[Opening Data records section]
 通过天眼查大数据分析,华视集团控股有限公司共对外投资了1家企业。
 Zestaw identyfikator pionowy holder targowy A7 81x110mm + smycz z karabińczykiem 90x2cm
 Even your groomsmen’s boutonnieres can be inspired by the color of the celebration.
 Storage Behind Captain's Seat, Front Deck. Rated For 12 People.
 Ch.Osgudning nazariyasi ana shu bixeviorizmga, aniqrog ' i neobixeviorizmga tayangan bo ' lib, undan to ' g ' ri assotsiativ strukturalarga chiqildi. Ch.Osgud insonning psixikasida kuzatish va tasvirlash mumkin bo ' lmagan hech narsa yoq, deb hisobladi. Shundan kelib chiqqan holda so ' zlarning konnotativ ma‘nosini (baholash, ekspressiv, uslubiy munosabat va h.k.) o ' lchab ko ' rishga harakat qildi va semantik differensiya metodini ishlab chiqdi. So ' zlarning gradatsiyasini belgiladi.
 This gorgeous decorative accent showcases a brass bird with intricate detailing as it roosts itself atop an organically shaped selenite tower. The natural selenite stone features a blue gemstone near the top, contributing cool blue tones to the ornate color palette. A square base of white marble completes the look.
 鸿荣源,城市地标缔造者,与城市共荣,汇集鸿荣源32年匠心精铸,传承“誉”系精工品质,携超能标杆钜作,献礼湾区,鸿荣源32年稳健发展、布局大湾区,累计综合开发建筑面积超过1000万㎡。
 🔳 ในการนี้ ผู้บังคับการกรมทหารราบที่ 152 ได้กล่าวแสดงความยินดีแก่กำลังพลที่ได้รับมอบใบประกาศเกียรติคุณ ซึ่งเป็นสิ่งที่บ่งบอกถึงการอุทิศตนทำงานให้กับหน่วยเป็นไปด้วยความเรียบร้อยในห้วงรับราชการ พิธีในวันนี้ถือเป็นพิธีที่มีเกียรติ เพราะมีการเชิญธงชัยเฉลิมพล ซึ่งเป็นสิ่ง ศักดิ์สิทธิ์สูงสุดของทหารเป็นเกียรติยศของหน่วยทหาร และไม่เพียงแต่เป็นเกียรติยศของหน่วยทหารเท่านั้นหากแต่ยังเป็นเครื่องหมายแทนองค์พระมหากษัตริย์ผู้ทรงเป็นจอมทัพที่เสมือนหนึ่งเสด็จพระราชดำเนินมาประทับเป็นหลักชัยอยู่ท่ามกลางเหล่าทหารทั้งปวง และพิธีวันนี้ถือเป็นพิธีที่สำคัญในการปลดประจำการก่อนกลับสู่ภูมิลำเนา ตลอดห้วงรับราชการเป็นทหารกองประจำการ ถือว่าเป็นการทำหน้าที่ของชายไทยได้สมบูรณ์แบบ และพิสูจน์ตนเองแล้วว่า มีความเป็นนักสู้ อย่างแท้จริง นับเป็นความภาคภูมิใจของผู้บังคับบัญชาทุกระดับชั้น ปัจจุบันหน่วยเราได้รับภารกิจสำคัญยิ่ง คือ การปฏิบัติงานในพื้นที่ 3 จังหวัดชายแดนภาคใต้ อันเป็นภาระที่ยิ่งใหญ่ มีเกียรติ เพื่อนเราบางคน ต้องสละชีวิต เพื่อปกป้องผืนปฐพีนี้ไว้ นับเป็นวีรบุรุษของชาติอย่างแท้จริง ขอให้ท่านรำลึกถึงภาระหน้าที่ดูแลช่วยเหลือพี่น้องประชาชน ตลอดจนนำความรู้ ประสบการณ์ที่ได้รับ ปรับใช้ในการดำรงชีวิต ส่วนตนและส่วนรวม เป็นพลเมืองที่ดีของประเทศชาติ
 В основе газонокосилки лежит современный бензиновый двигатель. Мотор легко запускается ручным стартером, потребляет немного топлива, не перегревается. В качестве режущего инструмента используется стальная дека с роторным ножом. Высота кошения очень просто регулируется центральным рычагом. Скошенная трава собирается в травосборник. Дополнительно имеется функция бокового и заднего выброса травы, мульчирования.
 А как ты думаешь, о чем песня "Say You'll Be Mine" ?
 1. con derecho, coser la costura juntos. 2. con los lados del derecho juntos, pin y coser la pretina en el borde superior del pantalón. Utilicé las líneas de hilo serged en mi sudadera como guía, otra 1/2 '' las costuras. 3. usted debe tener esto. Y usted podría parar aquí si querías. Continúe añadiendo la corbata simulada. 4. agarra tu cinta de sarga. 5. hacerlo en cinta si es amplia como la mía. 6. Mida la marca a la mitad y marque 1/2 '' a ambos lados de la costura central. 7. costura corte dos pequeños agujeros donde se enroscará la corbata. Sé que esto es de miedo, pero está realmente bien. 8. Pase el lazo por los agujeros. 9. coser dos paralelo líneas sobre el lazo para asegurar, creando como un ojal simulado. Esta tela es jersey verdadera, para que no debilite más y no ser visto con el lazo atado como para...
[Closing Data records section]
- Task to complete
Where the data above reaches the line holding "Zestaw identyfikator pionowy", begin printing, and stop after the line holding "Ch.Osgudning nazariyasi ana". Each line must be reproduced exactly, with nothing else added.

- Solution
 Zestaw identyfikator pionowy holder targowy A7 81x110mm + smycz z karabińczykiem 90x2cm
 Even your groomsmen’s boutonnieres can be inspired by the color of the celebration.
 Storage Behind Captain's Seat, Front Deck. Rated For 12 People.
 Ch.Osgudning nazariyasi ana shu bixeviorizmga, aniqrog ' i neobixeviorizmga tayangan bo ' lib, undan to ' g ' ri assotsiativ strukturalarga chiqildi. Ch.Osgud insonning psixikasida kuzatish va tasvirlash mumkin bo ' lmagan hech narsa yoq, deb hisobladi. Shundan kelib chiqqan holda so ' zlarning konnotativ ma‘nosini (baholash, ekspressiv, uslubiy munosabat va h.k.) o ' lchab ko ' rishga harakat qildi va semantik differensiya metodini ishlab chiqdi. So ' zlarning gradatsiyasini belgiladi.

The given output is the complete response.